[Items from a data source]

================

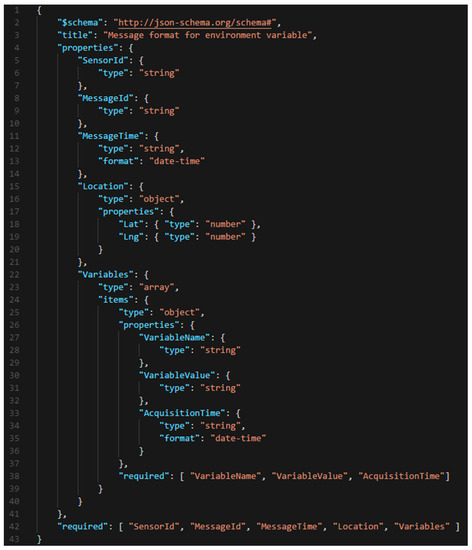 JSON schema for environmental variable message.
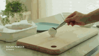 我们在托盘上扑上烘焙纸,再撒入适量糖粉
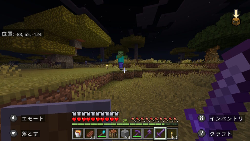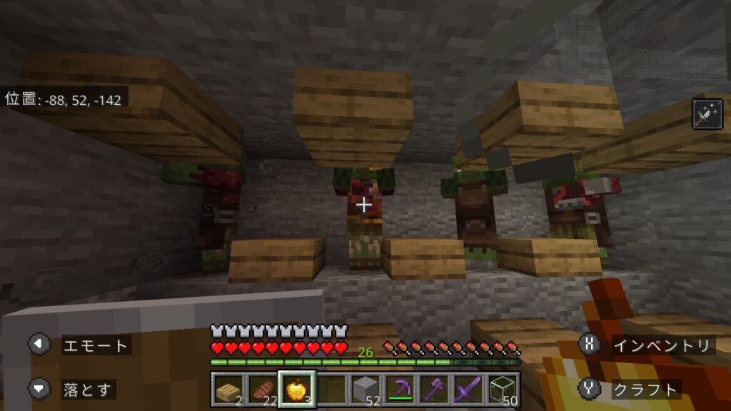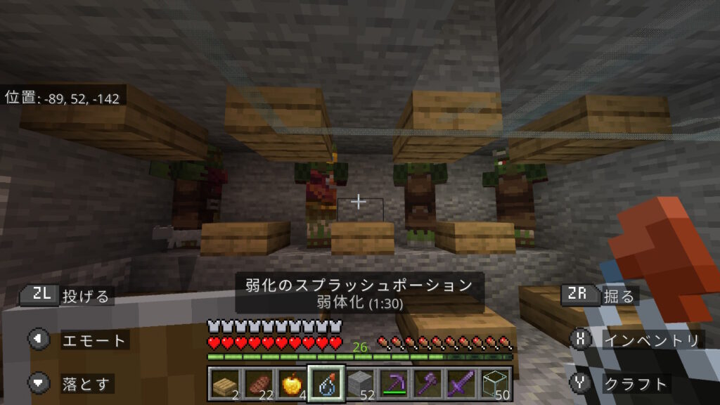 その後、ゾンビのど真ん中に向けて弱化のスプラッシュポーションを投げつけます。画像の位置に投げれば問題ないです。
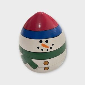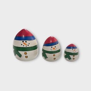 Charming set of 3 wooden snowman nesting dolls, perfect for adding a festive touch to your holiday decor. Each snowman is hand-painted with a red hat, green scarf, and adorable snowman face details. A fun and nostalgic piece for Christmas decorating, winter centerpieces, or as a unique collectible gift.
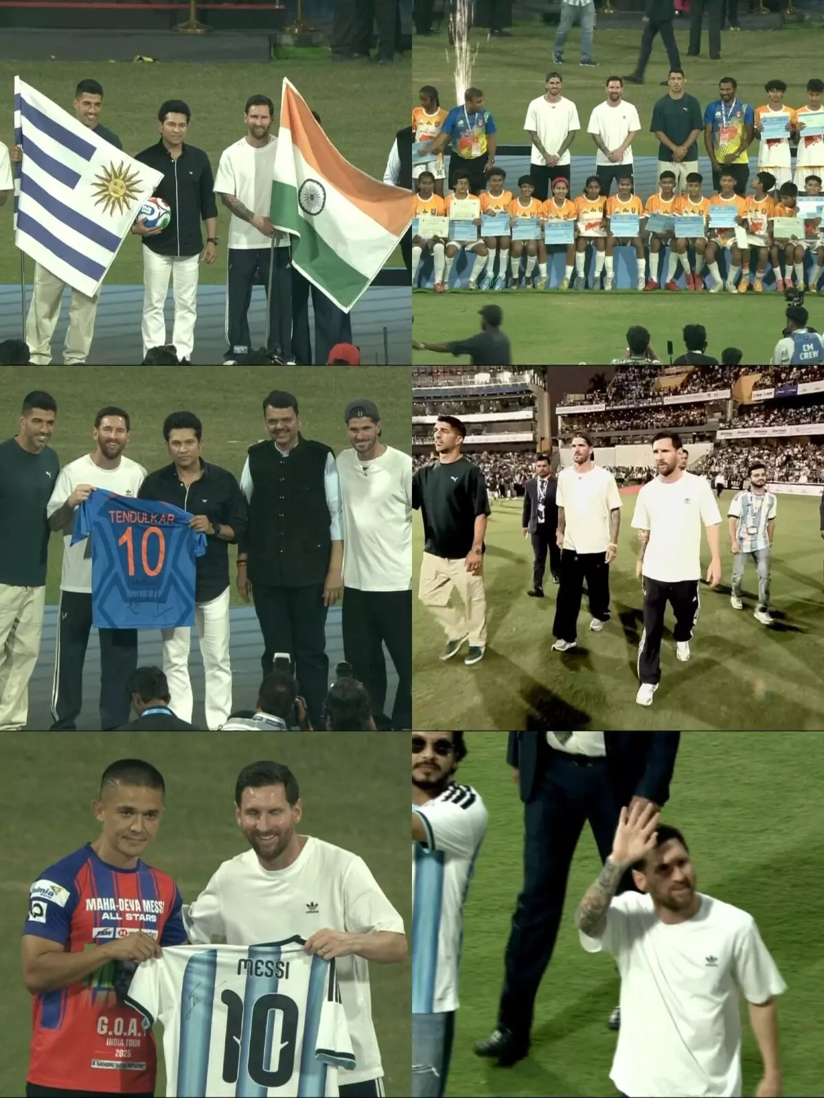 महाराष्ट्र के मुख्यमंत्री देवेंद्र फडणवीस, उनकी पत्नी अमृता और अन्य डेलीगेट्स मेस्सी, सुआरेज और डी पॉल के साथ स्टेज पर शामिल हुए। सभी ने बच्चों के साथ एक फोटो खिंचवाई।
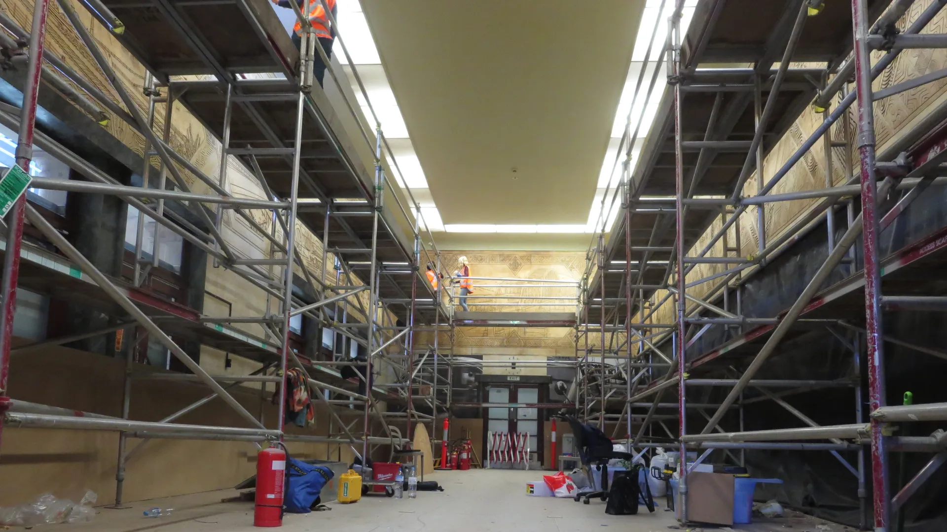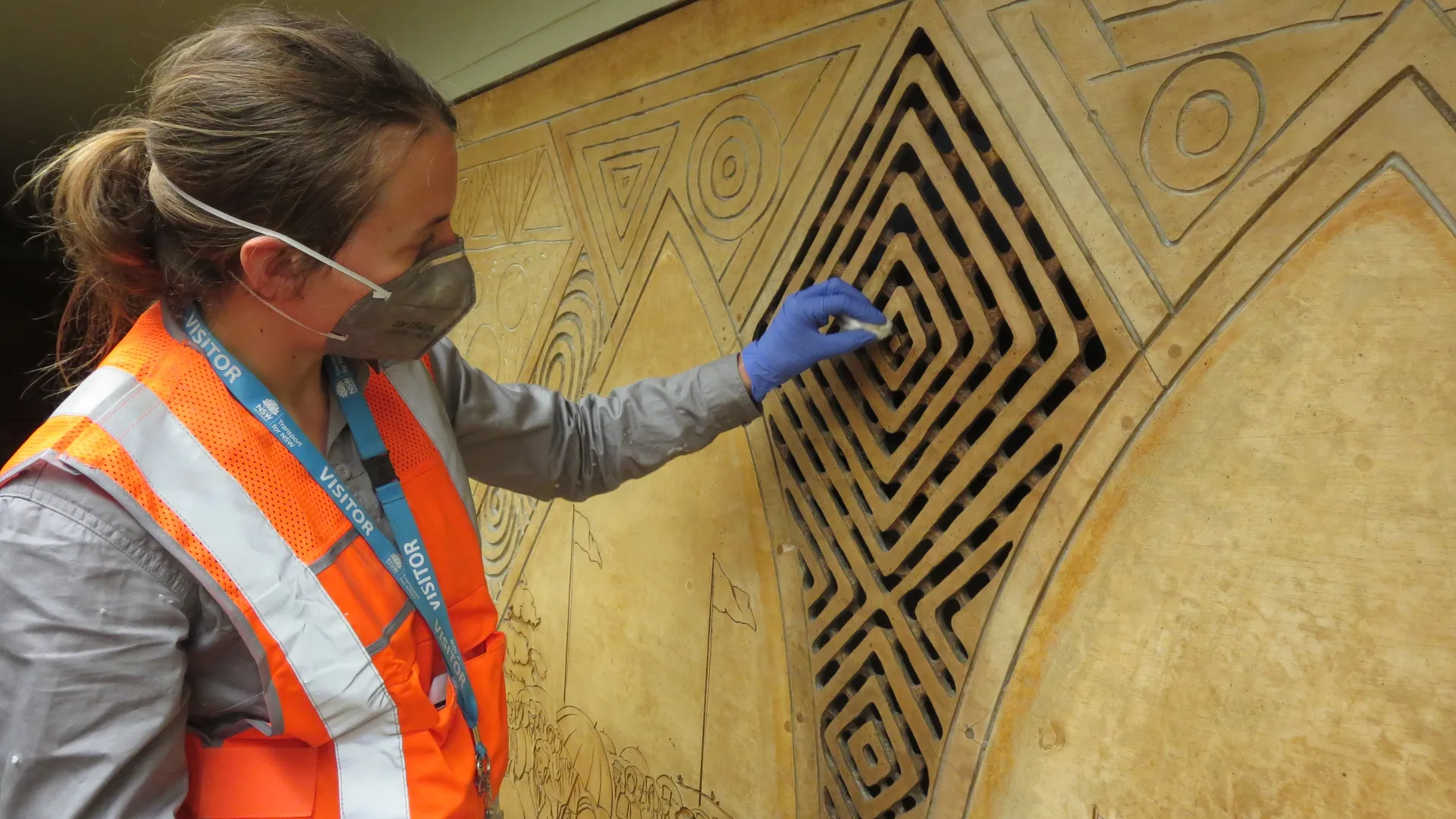 The conservation treatment was undertaken in 2018 and was remarkably successful in retaining the patina of the plaster work whilst allowing the full impact of the artwork to be appreciated afresh.

================

== TO DO ==
In the data above, the line containing "महाराष्ट्र के मुख्यमंत्री" and all lines after it are to be reproduced exactly, leaving out the pictures.

== ANSWER TO THE PROBLEM ==
 महाराष्ट्र के मुख्यमंत्री देवेंद्र फडणवीस, उनकी पत्नी अमृता और अन्य डेलीगेट्स मेस्सी, सुआरेज और डी पॉल के साथ स्टेज पर शामिल हुए। सभी ने बच्चों के साथ एक फोटो खिंचवाई।
 The conservation treatment was undertaken in 2018 and was remarkably successful in retaining the patina of the plaster work whilst allowing the full impact of the artwork to be appreciated afresh.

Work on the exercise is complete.